START EXERCISE DATA
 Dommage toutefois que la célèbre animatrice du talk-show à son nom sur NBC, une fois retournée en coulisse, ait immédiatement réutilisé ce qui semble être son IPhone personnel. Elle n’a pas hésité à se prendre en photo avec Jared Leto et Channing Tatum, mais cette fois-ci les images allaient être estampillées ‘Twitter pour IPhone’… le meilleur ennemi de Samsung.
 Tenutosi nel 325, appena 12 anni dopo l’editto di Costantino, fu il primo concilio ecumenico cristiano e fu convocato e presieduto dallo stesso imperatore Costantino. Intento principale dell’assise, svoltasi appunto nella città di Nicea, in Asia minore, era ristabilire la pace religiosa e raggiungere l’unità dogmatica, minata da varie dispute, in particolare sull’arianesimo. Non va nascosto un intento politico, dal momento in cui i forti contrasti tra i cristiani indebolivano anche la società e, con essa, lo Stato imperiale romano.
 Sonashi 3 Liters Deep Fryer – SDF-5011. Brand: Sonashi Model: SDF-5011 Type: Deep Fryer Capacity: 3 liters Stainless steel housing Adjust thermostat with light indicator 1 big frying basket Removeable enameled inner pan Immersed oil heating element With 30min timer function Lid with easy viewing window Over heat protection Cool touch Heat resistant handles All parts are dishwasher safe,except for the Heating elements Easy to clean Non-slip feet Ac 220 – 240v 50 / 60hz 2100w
END EXERCISE DATA
Type the data again exactly. Leave nothing out.

» TASK RESPONSE:
 Dommage toutefois que la célèbre animatrice du talk-show à son nom sur NBC, une fois retournée en coulisse, ait immédiatement réutilisé ce qui semble être son IPhone personnel. Elle n’a pas hésité à se prendre en photo avec Jared Leto et Channing Tatum, mais cette fois-ci les images allaient être estampillées ‘Twitter pour IPhone’… le meilleur ennemi de Samsung.
 Tenutosi nel 325, appena 12 anni dopo l’editto di Costantino, fu il primo concilio ecumenico cristiano e fu convocato e presieduto dallo stesso imperatore Costantino. Intento principale dell’assise, svoltasi appunto nella città di Nicea, in Asia minore, era ristabilire la pace religiosa e raggiungere l’unità dogmatica, minata da varie dispute, in particolare sull’arianesimo. Non va nascosto un intento politico, dal momento in cui i forti contrasti tra i cristiani indebolivano anche la società e, con essa, lo Stato imperiale romano.
 Sonashi 3 Liters Deep Fryer – SDF-5011. Brand: Sonashi Model: SDF-5011 Type: Deep Fryer Capacity: 3 liters Stainless steel housing Adjust thermostat with light indicator 1 big frying basket Removeable enameled inner pan Immersed oil heating element With 30min timer function Lid with easy viewing window Over heat protection Cool touch Heat resistant handles All parts are dishwasher safe,except for the Heating elements Easy to clean Non-slip feet Ac 220 – 240v 50 / 60hz 2100w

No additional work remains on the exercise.